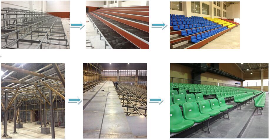 2、該看臺避免了在室內構筑水泥臺階等土建工程的麻煩,具有安裝、拆卸方便的特點; 特別是對于非首層、承載力達不到土建要求、多年后便于拆卸另有他用的的館內使用。
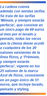 Para ello, la cadena referente en salones de peluquería y estética de alta gama, que está a la vanguardia de las últimas técnicas y tratamientos, cuenta además con sendas tarifas especialmente pensadas para favorecer a sus clientas más fieles y a aquellas otras que no acuden más a su peluquería por motivos económicos. Se trata de las tarifas Mímate, y siempre estarás perfecta, que consiste en un único pago de 68 euros al mes por el lavado y peinado, todas las veces que la clienta desee acudir a cualquiera de los 20 salones existentes de la línea Rizos, y Prémiate, y siempre estarás perfecta, vigente en los 25 salones de la marca Azul de Rizos, consistente en un pago único de 51 euros, que incluye lavado, peinado y styling.
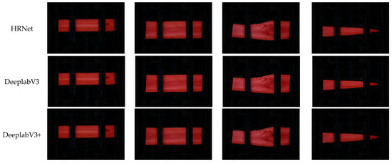 To visually demonstrate and validate the usability of the WPS-dataset, we compared the predicted masks from all listed models with the Ground Truth through visualization. Due to the large number of predicted images of wooden plates, only four sets of wood plate images are selected with different shapes as examples; the predicted masks obtained from experiments on the WPS-dataset are shown in Figure 6.
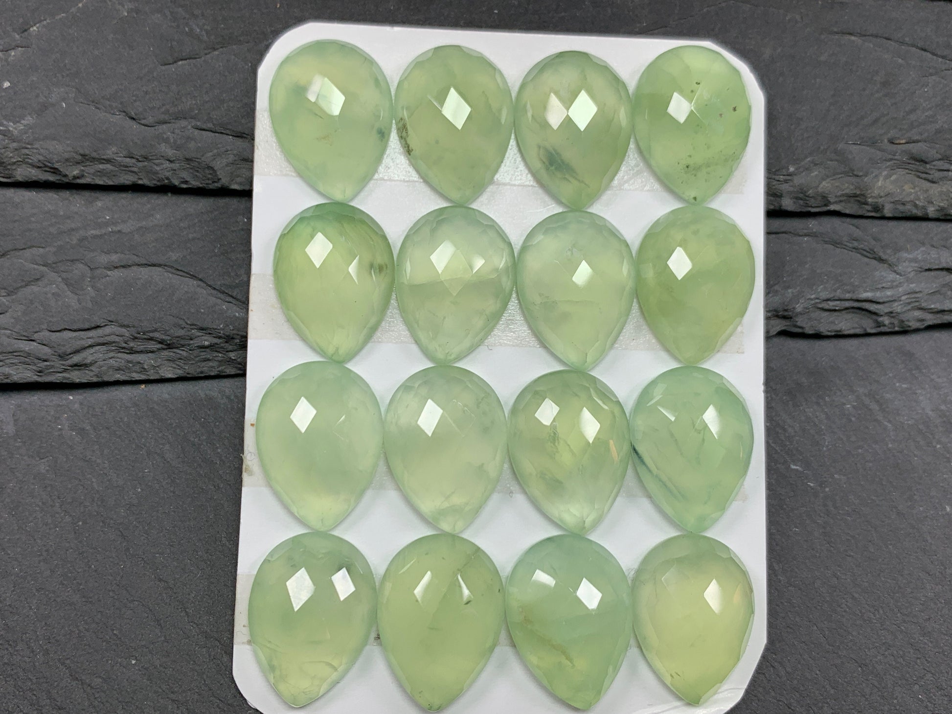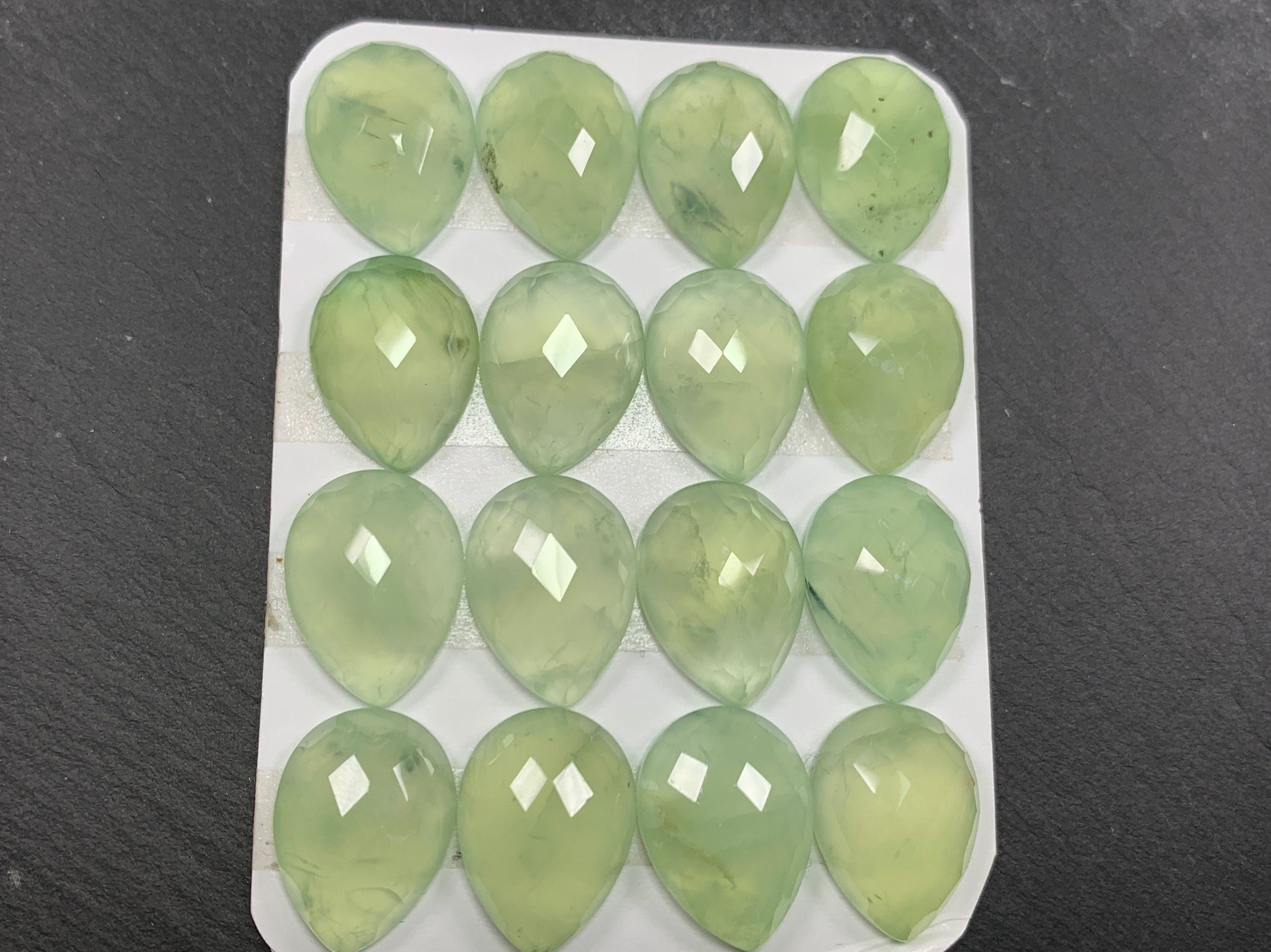 Faceted Prehnite pear 15x20mm cabochon - Calibrated cabochons

• [INSTRUCTIONS TO FOLLOW]:
Give back an exact copy of the material above, omitting the pictures.

• [SOLUTION]:
 2、該看臺避免了在室內構筑水泥臺階等土建工程的麻煩,具有安裝、拆卸方便的特點; 特別是對于非首層、承載力達不到土建要求、多年后便于拆卸另有他用的的館內使用。
 Para ello, la cadena referente en salones de peluquería y estética de alta gama, que está a la vanguardia de las últimas técnicas y tratamientos, cuenta además con sendas tarifas especialmente pensadas para favorecer a sus clientas más fieles y a aquellas otras que no acuden más a su peluquería por motivos económicos. Se trata de las tarifas Mímate, y siempre estarás perfecta, que consiste en un único pago de 68 euros al mes por el lavado y peinado, todas las veces que la clienta desee acudir a cualquiera de los 20 salones existentes de la línea Rizos, y Prémiate, y siempre estarás perfecta, vigente en los 25 salones de la marca Azul de Rizos, consistente en un pago único de 51 euros, que incluye lavado, peinado y styling.
 To visually demonstrate and validate the usability of the WPS-dataset, we compared the predicted masks from all listed models with the Ground Truth through visualization. Due to the large number of predicted images of wooden plates, only four sets of wood plate images are selected with different shapes as examples; the predicted masks obtained from experiments on the WPS-dataset are shown in Figure 6.
 Faceted Prehnite pear 15x20mm cabochon - Calibrated cabochons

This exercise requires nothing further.